Anne Frank House

Visiting the Anne Frank House has always been emotional for me. This visit was no different.

I am not old enough to have any first hand memories of the second world war, everything I know has been passed down to me either through books or movies.

I first read the Diary of Anne Frank almost 25 years ago, it was very moving then, especially as I was student teaching at the time and I was working with a grade 6 class. They were all Christian and had no direct knowledge of what persecution based on religion was like.

I knew then that if I had the chance I wanted to see the secret annex in Amsterdam. I wanted first hand knowledge of what it was like during the war; or as close as possible to first hand.

Walking through the secret passage and seeing how small the space was and knowing that there were 8 people living there made the spaces even smaller.

Reading the notes and the information on the walls and tables brought everything to life.
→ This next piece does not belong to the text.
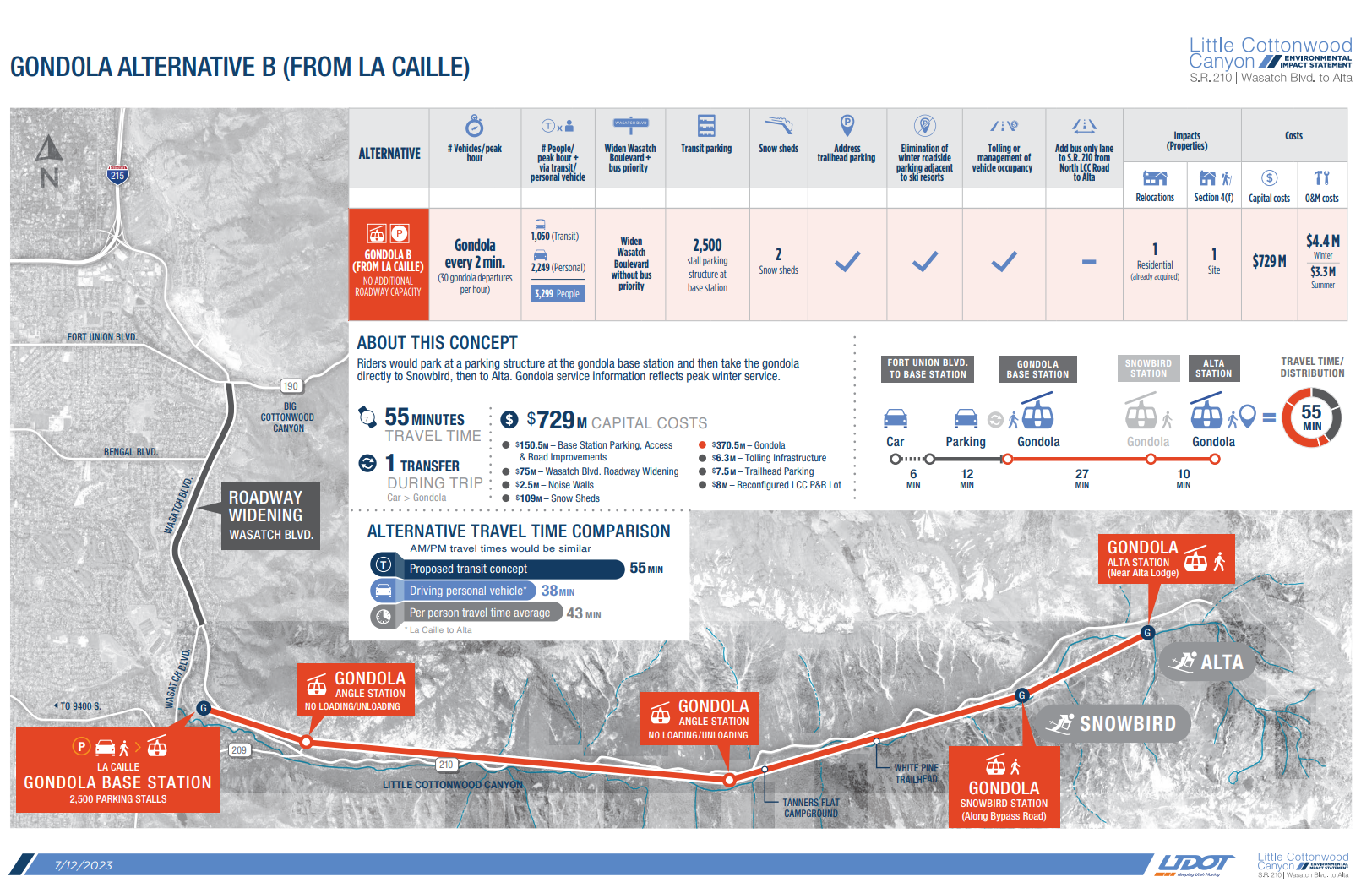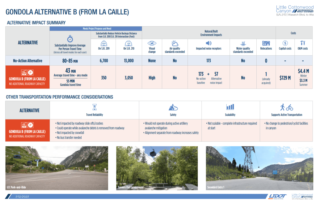 “The gondola provides the highest travel reliability, as it can operate independently of State Route 210, avoiding delays related to adverse weather, crashes, slide offs, and slow moving traffic,” wrote UDOT in its Record of Decision. “While the gondola does have high visual impacts, it has low impacts to the watershed, wildlife movement and climbing boulders, along with low operations and maintenance costs.”

The cramped spaces, lack of food, and the constant fear of being discovered had a major impact on those hiding. Anne makes that clear. It becomes clearer when you are standing in the same room she sat in to write; when you look out the same windows she looked out through and listen to the same bells she listened to.

Anne died a few short weeks of her camp being liberated.

The Anne Frank House forces me to remember that over a million children were part of the 6 million Jews that were killed during the Holocaust.

A generation lost.

A bit of a side note…..The Dutch seem to have a storage way of celebrating….

I was at The Anne frank House today with a school group of 12 year old kids. This was a class trip to celebrate the end of the school year and their “graduation” from elementary school. A celebration…at the Anne Frank House?